Никто не станет спорить с тем, что человеческие умы живут в дырявых мешках из кожи и мяса. Но наша культура имеет одну странную особенность, к которой мы настолько привыкли, что даже ее не обсуждаем. Лучше всего ее можно объяснить на примере из кинематографа.
Любой современный блокбастер (из тех, что служат одновременно каталогом нижнего белья, школой хороших манер и реестром допустимых политических взглядов) по сути внушает нам, что бегающие по экрану герои лишены всех неприятных проблем, которые влечет за собой животная материальность человеческого тела. Актеры мгновенно переходят от погонь с перестрелками к изысканным ужинам при свечах, они в любой момент готовы к любовной оргии или прыжку с парашютом. Они дерутся как гневные боги, чьи тела становятся от ударов лишь крепче.
А потом газеты сообщают, что кто-то из них трагически погиб во время съемок, поскользнувшись в уборной.
Всем известно, что сверхчеловеческий видеоряд создается из огромного числа дублей, а в промежутках между ними сверхлюди сидят на унитазах, выводят прыщи, лечат экзему и гриппуют. Но зритель, посмотрев на экранные чудеса, все равно кажется себе бесполезным мешком дерьма — и злые языки даже утверждают, что в этом одна из главных задач современного кинематографа.
Но все началось не сегодня и не вчера.
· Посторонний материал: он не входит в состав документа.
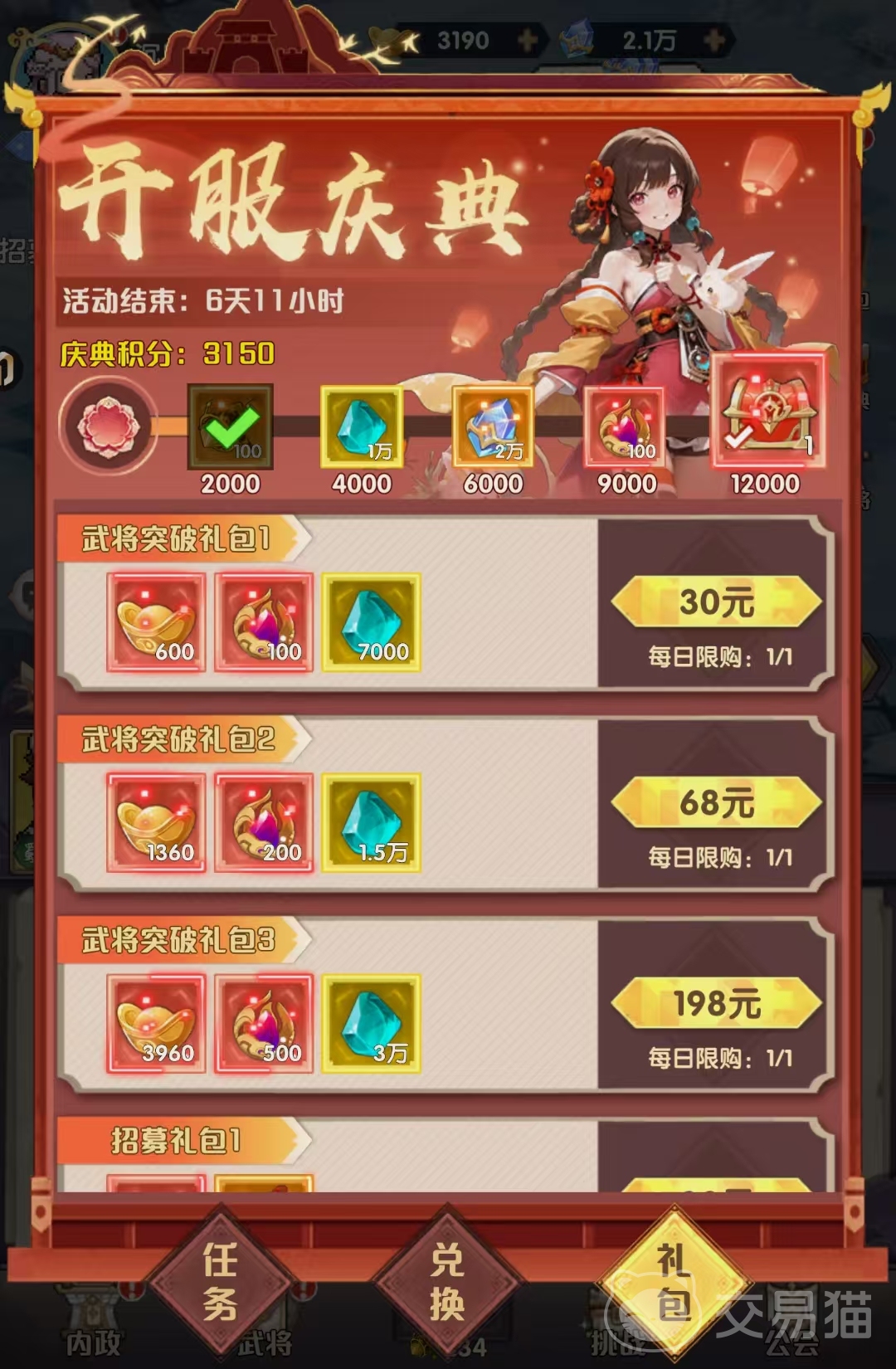 3、开服限定礼包——限时高价值组合。开服阶段上线的礼包中,“突破礼包”与“招募礼包”为最优选择:前者定向提升传说英雄星级上限,后者直接增加高级招募次数,两者均直击养成痛点,避免资源错配。
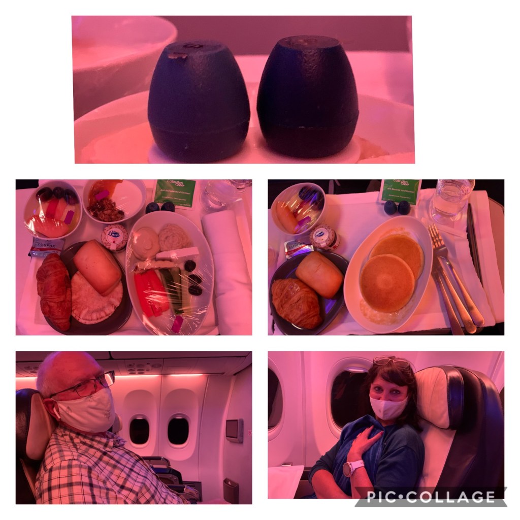 Eers toe ons gereed is, verstaan ek en manlief waarom. Alhoewel baie mense by die besigheidsklas deur ingestap het, was ons die enigste passassiers in die afdeling van die vliegtuig. En natuurlik Thermie, hoe kan ek vergeet?

Таково одно из главных свойств человеческой культуры. И проявляется оно очень многообразно.
Каждый знает, каково удерживать функционирование и внешний вид собственного тела в рамках «приличного» и «подобающего» — из-за этого возникает добрая половина всех человеческих стрессов. Тело живет своей древней жизнью, его потребности совершенно не синхронизированы с социальной надстройкой, оно потеет, пердит, храпит, кашляет, оправляется и мочится по заведенному миллиард лет назад обычаю. У него другая шкала приоритетов и ценностей, чем у нас. Прыщ на носу для него совсем не трагедия, и ему ничего не стоит из-за одной-единственной гнилой виноградины жидко обосраться на торжественном фуршете в честь датского короля. Причем это легко может произойти и с самим датским королем.
С тех пор как люди стали людьми, они живут в культуре, вытесняющей центральное и ежедневное содержание человеческого опыта в темноту клозета. Даже сегодняшний либеральный и просвещенный век поощряет нас выносить оттуда на всеобщее обозрение разве что нашу гомосексуальность — но никак не запущенный геморрой третьей стадии, которым, кстати, страдает куда большее число людей («Партiя „Удар“, — сочинил бы Кеша. — Ми розповимо, про що iншi мовчать!»).
Эта запредельная вытесненность собственной физиологии особенно сильна в среде профессиональных красавиц (они никогда не какают и не пахнут потом, а только сверкают голубыми льдинками глаз) и среди аристократов (немыслимый позор для Набокова — испортить воздух в гостиной, а один наполеоновский генерал, говорят, вообще умер от разрыва мочевого пузыря).
Но почему мы, зловонные шелудивые обезьяны с постоянно урчащими животами, выстроили для себя настолько неудобную репрессивную культуру, основанную на полном отрицании своей природы?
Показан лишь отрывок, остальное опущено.